Fifty-three patients >or= 12 years of age with a confirmed diagnosis of CF, the ability to expectorate sputum, and FEV(1) of >or= 40% of predicted.
Interventions
tobramycin solution for inhalation (TSI) administered with a new-generation aerosol device, the AeroDose 5.5 RP inhaler (Aerogen; Mountain View, CA) vs with the approved PARI LC PLUS nebulizer (PARI Respiratory Equipment; Monterey, CA) with Pulmo-Aide compressor (DeVilbiss Corp; Somerset, PA). Subjects inhaled three single doses of TSI at 1-week intervals, as follows: conventional control treatment, 300 mg via the PARI LC PLUS; and two of three experimental treatments, 30, 60, or 90 mg via the AeroDose.
Outcome measures
FEV1 (pre and 30 minutes following dose).

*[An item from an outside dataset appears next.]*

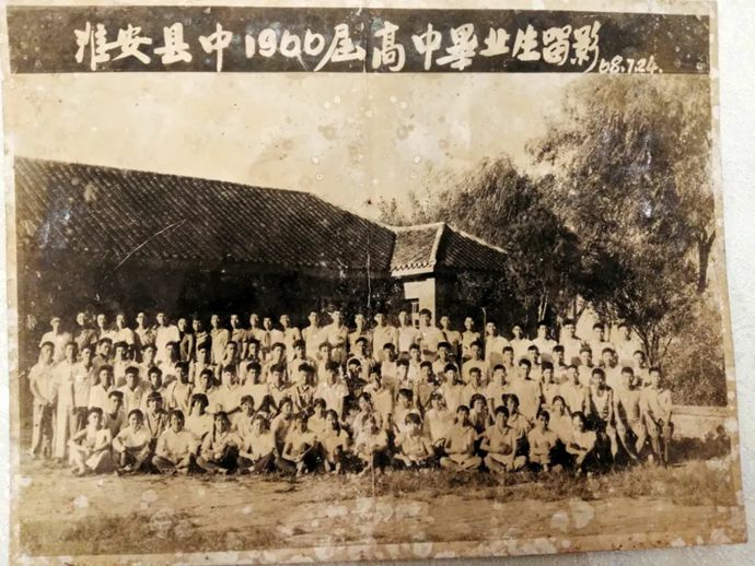 原淮安县中学1966届高中毕业生在原校长室前于1968年7月24日留影
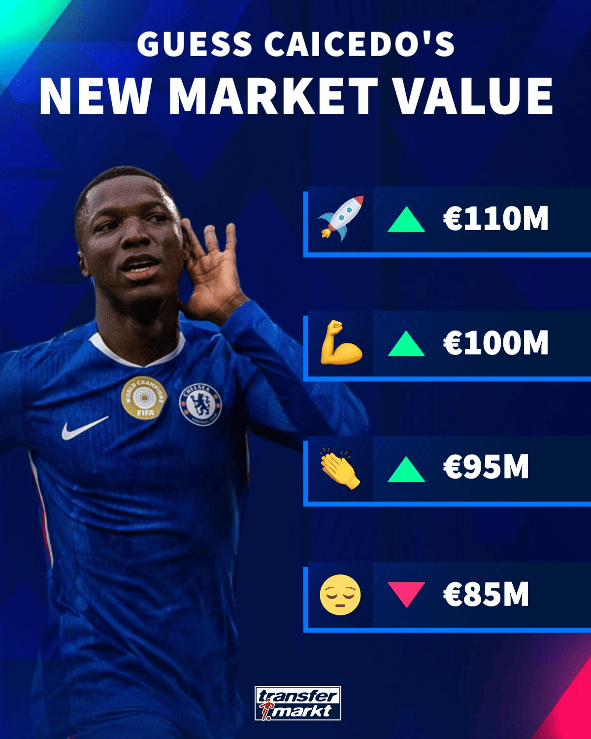 来源:X虎扑10月15日讯 北京时间10月17号,德国转会市场将更新英超球员的身价榜单。而在今日,德转也预热了切尔西中场凯塞多,阿森纳前锋萨卡以及纽卡前锋沃尔特马德身价。

Sputum concentration of tobramycin (pre, 10 min, 1, 2, 4 & 8 hours). Serum levels of tobramycin (pre, 10 min, 1, 2, 4 & 8 hours). Nebulisation time. Urinary tobramycin concentration (pre, 0 to 8hours, 8 to 24 hours) Adverse events
Main results
There were no significant differences between treatments in the change in FEV(1) 30 min after dosing or in the frequency of adverse events. Sputum and serum levels of tobramycin produced by the AeroDose 90-mg dose treatment approximated those achieved with the PARI LC PLUS 300-mg dose treatment. Nebulization times using the AeroDose inhaler were < 50% those of the PARI LC PLUS.
Authors' conclusions
Compared with the standard nebulizer, the AeroDose safely achieved an approximately threefold greater efficiency in the delivery of TSI to the lungs in less than half the time.